The feedback on Ross is helpful. I'm getting detached from the idea of a Ross quickly. 

As for Tibor, I wonder how a Riptide would balance on an xi3...

Is the NV machined aluminum? The NV-G calls out machining explicitly, the NV doesn't.


----------



## BKG4211 (Oct 19, 2013)

> If you end up with an XI3, I would opt for a lighter reel in order to keep the outfit balanced.


Yeah I am concerned with the balance of this rig. Don't want to have to work just to hold the rod.


----------



## gfish (Jan 14, 2009)

I like the Everglades on my 8 and 9 wt rods. 
Talk all you want about backing capacity but I have never been close to being spooled. It may be possible but it is far from probable. I have had it on bones to Bonita as well as big Reds.


----------



## coconutgroves (Sep 23, 2013)

Don't get me wrong, they are great reels up to what you'd catch with a 12 weight. But BIG game, I would go with Tibor.
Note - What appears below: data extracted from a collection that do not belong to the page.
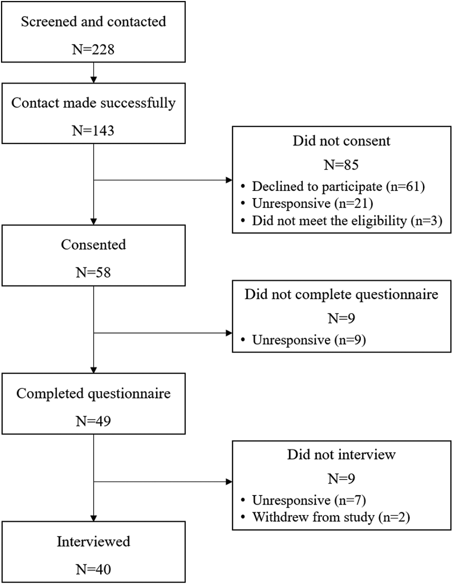 A bilingual native-speaking (Spanish/English) research assistant contacted 143 individuals through convenience sampling. A total of 58 individuals consented to participate (n = 61 declined, n = 21 were unresponsive to follow-up, and n = 3 did not meet the full study inclusion criteria). Of these, 49 individuals completed a study questionnaire in the days prior to their telephone interview. Seven participants completed the questionnaire but could not be reached for an interview after two contact attempts. Two participants withdrew from the study (one was voluntary withdrawal and the other was ineligible). The participants were sent a $20 gift card electronically or by mail following the completion of the questionnaire. An additional $20 gift card was sent to those who completed the interviews, for a total of up to $40 each.
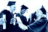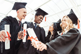 multiethnic students showing diplomas
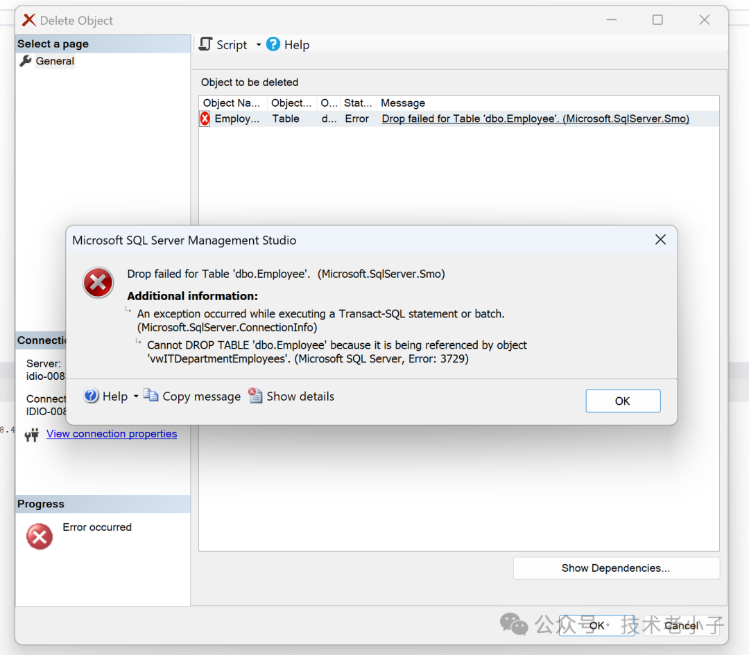复制ALTER VIEW vwITDepartmentEmployees WITH SCHEMABINDING AS SELECT ID, Name, Gender, DOB, Salary, DeptID FROM dbo.Employee WHERE DeptID = 1 WITH CHECK OPTION;1.2.3.4.5.尝试删除或修改Employee表将导致错误,因为它被视图引用。
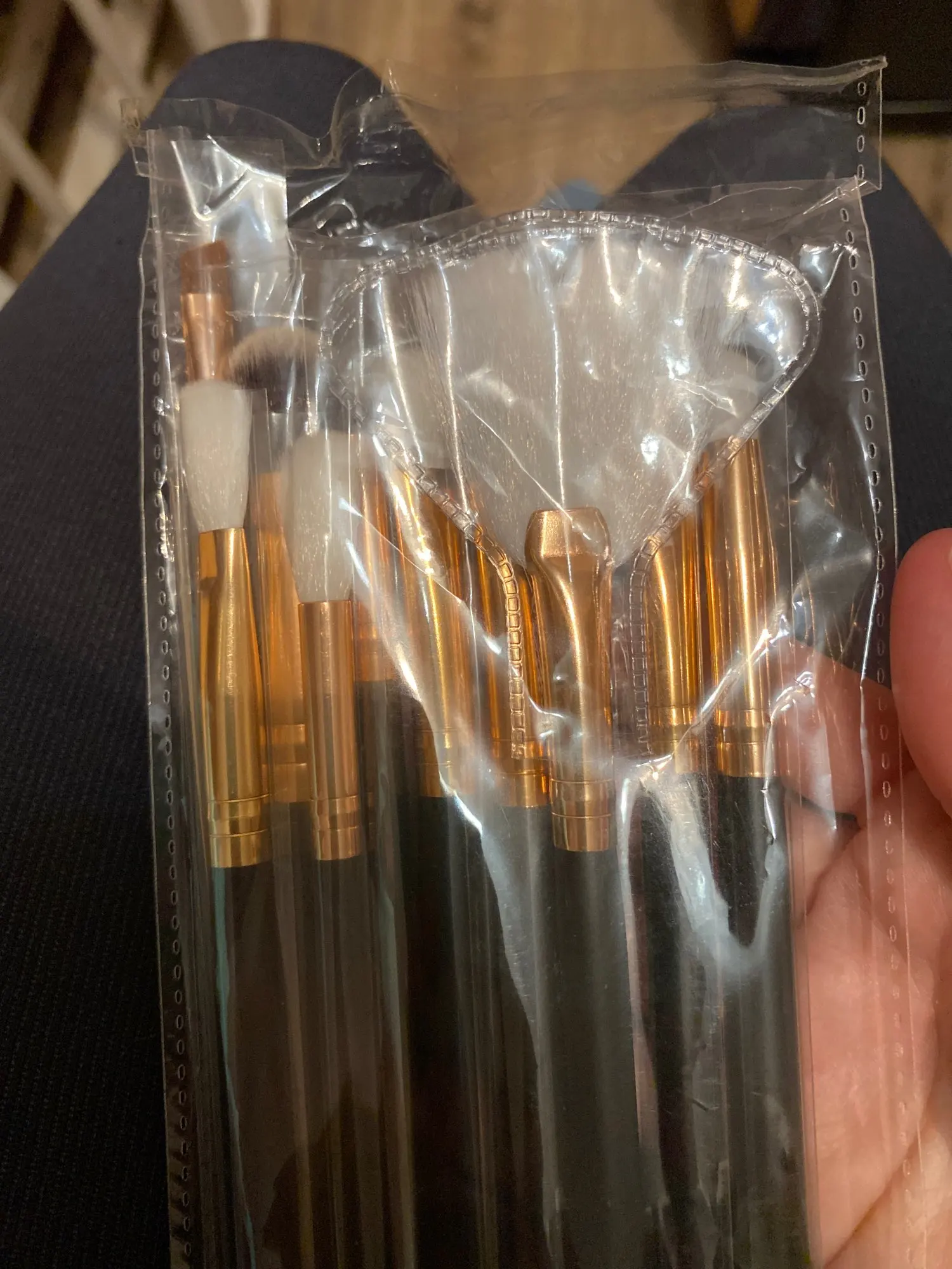 Продавец внимательный, отвечает сразу. Товар пришёл быстро. Кисти мягкие, но плохо набитые. Растушёвка будет даваться тяжело. Три кисти из набора не скреплены с основой, не проблема если есть горячий клей, приклеила. Косметичка под кисти хорошая, без брака. Запаха нет.

On a 9 it would do just fine. As for backing, I'd rather have more than I need. I've been close be to being spooled, but that was in cases where I didn't have enough.


----------



## BKG4211 (Oct 19, 2013)

So based on the feedback here, some PM's and a lot of time on google, I think I am leaning towards the Hatch Finatic. Thought?


----------



## ifsteve (Jul 1, 2010)

> So based on the feedback here, some PM's and a lot of time on google, I think I am leaning towards the Hatch Finatic.  Thought?
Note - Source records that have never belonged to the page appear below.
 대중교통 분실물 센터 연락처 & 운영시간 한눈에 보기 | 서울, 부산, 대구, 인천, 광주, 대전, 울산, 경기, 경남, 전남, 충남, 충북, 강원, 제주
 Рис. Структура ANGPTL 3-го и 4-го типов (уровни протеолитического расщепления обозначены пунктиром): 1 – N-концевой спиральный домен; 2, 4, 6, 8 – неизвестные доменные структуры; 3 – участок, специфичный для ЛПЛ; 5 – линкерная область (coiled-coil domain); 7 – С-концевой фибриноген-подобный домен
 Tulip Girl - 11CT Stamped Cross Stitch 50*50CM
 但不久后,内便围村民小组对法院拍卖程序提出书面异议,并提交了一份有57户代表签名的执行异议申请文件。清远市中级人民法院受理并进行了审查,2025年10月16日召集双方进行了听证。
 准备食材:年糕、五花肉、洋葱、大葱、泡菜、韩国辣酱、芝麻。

You can't go wrong with a Hatch. FWIW Stillwater Fly Shop in Oregon has an online sale for 20% off everything. And any Abel reel comes with a free fly line up to $100. They also carry Tibor reels. The sale code is NEWSITE20.


----------



## coconutgroves (Sep 23, 2013)

The Nautilus NV 9 is over $100 cheaper and is 33% lighter than the Hatch Finatic 9. If you need more backing, the NV G9 is about the same price as the Finatic, but is about 20% lighter.

You can't go wrong with a Hatch, but I just wanted to give you an opinion on a comparable, closest competitor to it. I've looked at the build quality on both, but I like the carbon/cork mix on Nautilus reels more.


----------



## BKG4211 (Oct 19, 2013)

Thanks to everyone for the info.  It has been very helpful and I have learned through this.
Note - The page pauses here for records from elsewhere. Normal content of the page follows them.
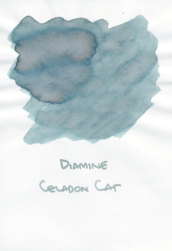 Robert Oster Chicago looks similar, but is more saturated and less dulled by green undertones. Celadon Cat looks more translucent in the swatch and has more green. And Diamine Don't Trust a Bivalve is more what I think Cold Snap II would look like without the green tones.
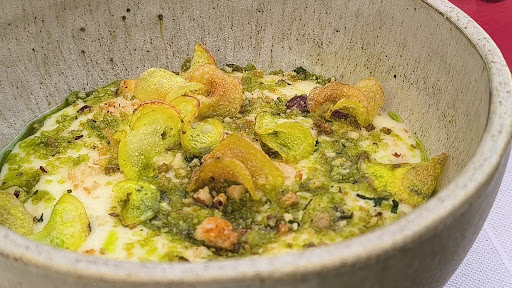 The service was frankly weird: the staffer who was supposed to be taking me to my table instead took me to nowhere - to the back door (onto the patio), where the tables close by were already occupied. She seems not to grasped the concept that her job was walk the customer from A (the entrance) to B (their actual table): she expected me to find my own way. Just weird. She really didn't know what she was doing. Another staffer, who took my order, was equally, well, bizarre: I ordered the white garlic gazpacho, to be followed by another starter (the cauliflower). But she said that this would be problematic: but she couldn't articulate why - she merely asked me was I sure, because the 'white garlic gazpacho' had, um, garlic in it. I said that yes, I had noticed that 'garlic' was in the name of the dish, and therefore I ordered it, obviously, knowing that it had garlic in it. For some bizarre reason, she made a huge fuss about the garlic, and I have absolutely no idea why. She seemed to think that this dish having garlic in it would be a problem - as though she assumed that I did not know what garlic is????? Just bizarre. She made a big issue out of (for goodness sake!!!) garlic, even though I didn't even mention it other than ordering the damn dish!! Weird. This 'service' was just embarrassing, awkward and clumsy, and needlessly. It made me really uncomfortable.
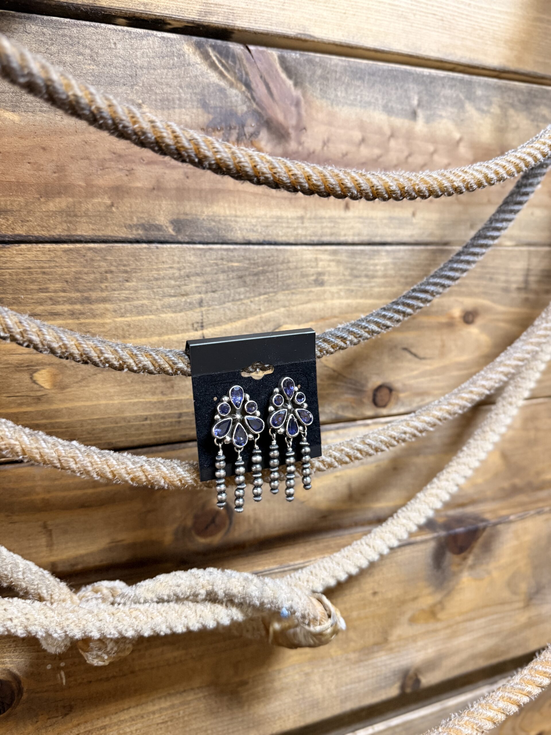 Authentic Native American made sterling silver set Iolite abstract cluster post earrings with 3MM alternating Navajo pearl and fluted saucer dangles.
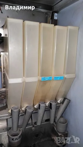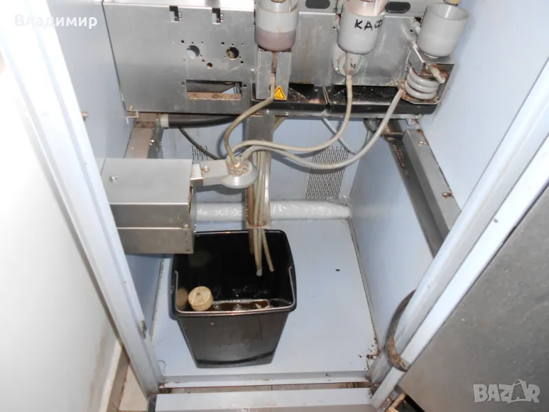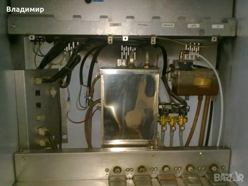 На части кафеавтомат Bianchi Sirio New за разтворими напитки. Металния корпус на машината с вратата с бравите /необорудвани/- 90лв. голяма платка с релетата, Трансформатор, редуктор прахове /мотори на кантите/, бойлер разтворим, лапа механизъм, чашков механизъм заедно с тунелите и капака на чашите, канистри, пластмаси, кабели и др. Продадени са клавиатурa, монетник, казанче вода.

It looks like I am going to make a decision between Tibor and Hatch.  Where I stand is flipping more frequently that a trout on a boat deck.

I see it as a decision between the safety of Tibor... I'm going to get a great reel with Tibor, and the promise of Hatch... Getting a reel that is possibly a classic in the making.  This decision will probably come down to when I just make a purchase of one "in the moment".

Thanks again to everyone who responded.  I appreciate the time.


----------



## billhempel (Oct 9, 2008)

Do you have to go Xi3 for some reason? Please check out the G Loomis NRX. I have four at this point and even have two in inshore spin. I think loomis blew it by hypeing and reel seat failures when they first brought the NRX out. I've never, in fourty years of fly, had a better casting rod in my hands. Believe me, I've had them all in rod brands from old SA to Thomas & Thomas, Winston, Sage (for years), etc. Or, I've had occasion to cast many of the others, including the new brands and foriegn ones. 

Reel wise Tibor. Have six. Two are Everglades on NRX 8 and a nine.


----------



## BKG4211 (Oct 19, 2013)

> If you end up with an XI3, I would opt for a lighter reel in order to keep the outfit balanced.


I got a used Xi3 for $400 from a forum member.  In great shape with warranty card.

I think I'm going to put a Hatch 7 Plus on it.  I know everyone says Hatch is heavy, but they really seem to be well engineered reels that will last.

The survey I posted was pretty wild too.  It mirrors how I was feeling Tibor or Hatch with  a slight advantage to Hatch.  Maybe I'll do an 11wt Tibor for tarpon 

Thanks for taking the time to give me the pointer.


----------